The Provost of the Southern Baptist Theological Seminary, Dr. Matthew Hall is a self-admitted racist and a man who admits he will “struggle with white supremacy” for the rest of his natural life. But, most of his critics assumed Hall was operating under false assumptions predicated on Neo-Marxist inspired Critical Race Theory. However, today, we learn that Hall rejects Critical Race Theory.
According to Dr. Tom Ascol, “In a phone conversation with Dr. Hall after my previous article he told me that he ‘categorically rejects’ Critical Race Theory (he gave me permission to make that known) and that the gospel is our only hope for these problems we are facing. I was surprised by his rejection of CRT but grateful to hear it.”
So, if Hall were not using the lame definitions of Progressives, then that must mean he was using the actual definition of racism and white supremacy.

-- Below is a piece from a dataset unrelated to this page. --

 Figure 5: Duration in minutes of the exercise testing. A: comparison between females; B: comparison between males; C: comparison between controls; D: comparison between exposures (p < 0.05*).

As a reminder, here is what Hall said, “I’m going to struggle with racism and white supremacy until the day I die and get my glorified body.” Also, in another video he said, “If you live and work in the United States, or in North America in particular, you cannot escape the influence of race, the power of the idea of race, and the legacy and current reality of racism,” Matthew J. Hall, Provost of the Southern Baptist Theological Seminary said in the video. “So, if you asked the question, how do I know if I’m a racist, if you live in this context and if you’re human, you have been affected by racism.”
I thought he was an idiot, but apparently, he harbors actual racism and feelings of white supremacy.

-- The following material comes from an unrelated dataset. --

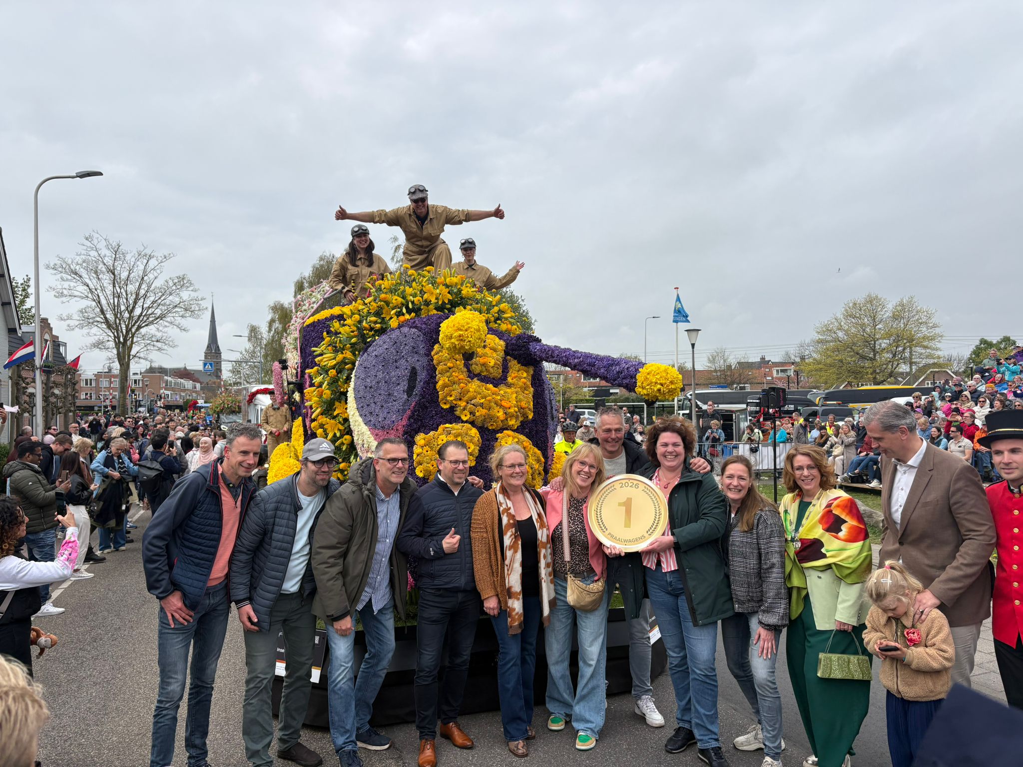 Het Bloemencorso van de Bollenstreek 2026 is nu écht van start! De eerste wagens zijn gaan rijden. De eerste stop: de Koningin Wilhemina Boulevard in Noordwijk.

What other option is there? Either, he uses a flawed definition and is in error, or, he is using the real definition and is disqualified from office.

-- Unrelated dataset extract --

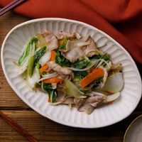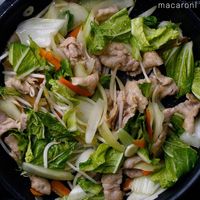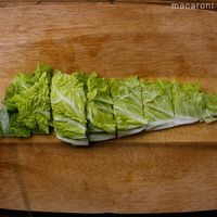 白菜は芯と葉にわけ、葉は3cm幅のざく切りに、芯は葉の大きさより小さめに削ぎ切りにします。

How can Southern Baptist Theological Seminary President Albert Mohler allow an actual racist to continue working at the flagship Southern Baptist Convention seminary?
Racism is wrong.
We are even told racial reconciliation is a Gospel Issue™.
So, Dr. Mohler, why is a racist…an actual racist…still in a leadership role? How can we reconcile such an admission with appropriate Christian leadership qualifications?